On some versions of Adobe Acrobat Pro, you can ensure that your PDF document has a logical reading order by going to Tools > Accessibility > TouchUp Reading Order > Show Order Panel, to be able to change the reading order of your document so can be properly read by screen readers.
Overall, on this point, it is easiest to avoid complex layouts, however, when needed you can either ensure that your document can be read in a logical order by screen readers by using Adobe Acrobat Pro.
To put it shortly: not unless a document is explicitly made for print usage, and print usage only, at which point it should be published with another version of the document in an accessible format, such as HTML.
The Government Digital Service (GDS), has even published an article specifically discouraging the use of PDF files in most scenarios in its blog post, titled "Why GOV.UK content should be published in HTML and not PDF" To quote the blog post from the organisation:
"Compared with HTML content, information published in a PDF is harder to find, use and maintain. More importantly, unless created with sufficient care PDFs can often be bad for accessibility and rarely comply with open standards."
They cover a range of issues, such as the fact that they are not able to change to fit the size of different screens, which especially becomes an issue when they are used on smaller screens such as smartphones, they are very hard to make somewhat accessible, they are not easily maintainable (to update things such as the layout and the standards of, say, 50,000 files, you would need to modify each one manually instead of being able to make changes in bulk, such as what can be done with most web content) and, unlike with most web content or word documents, users cannot adjust things such as colours and contrast, to be able to make a document easier for people to read.
Quite a lot of the time, it is just worth publishing something either as web content that has been made accessible or in formats such as odt (Open Document Text) files or OpenDocument format files, which can be made from within word, LibreOffice, OpenOffice or any modern document editor (and these pieces of software are free to use, unlike Adobe Acrobat Pro) This advice is echoed by the GDS.
Potential legal issues with publishing a document exclusively in PDF as a public sector organisation
Public sector organisations are required to, when publishing PDF documents on their website, provide the files in an alternative format, such as a webpage (HTML) or an OpenDocument format file.

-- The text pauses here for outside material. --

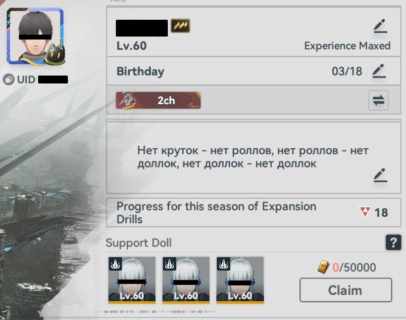 Хммм... Вот пока это писал, задумался. Вот чтобы докрутить Клюку до В6 мне надо влить 20-30 тысяч в ГФЛ2. В то же время, я могу за 5К взять Стеллар Блейд с графоном, геймплеем и оптимизацией. Или вообще бесплатно скачать Эксодус. А за что я, собственно, плачу в ГФЛ2? За циферки на мониторе которые исчезнут навсегда когда игра ЕОСнется? Ведь рано или поздно её отключат и все. Ну и зачем вливать туда деньги?

Whilst there are exemptions to this, such as for schools and colleges in cases where a document is not needed to be able to access basic services, quite a lot of time, exclusively publishing documents on your website in PDF format, as a public sector organisation, may potentially be in breach of The Public Sector Bodies (Websites and Mobile Applications) Accessibility Regulations 2018 if published after 2018.
Overall, despite PDF files initially seeming like an accessible format, there can be many issues with the ways that most modern PDF files are created in terms of accessibility. By following these steps and understanding how types of PDF differ, you can ensure that everyone, including those with disabilities, can access the information in your documents in an equal way.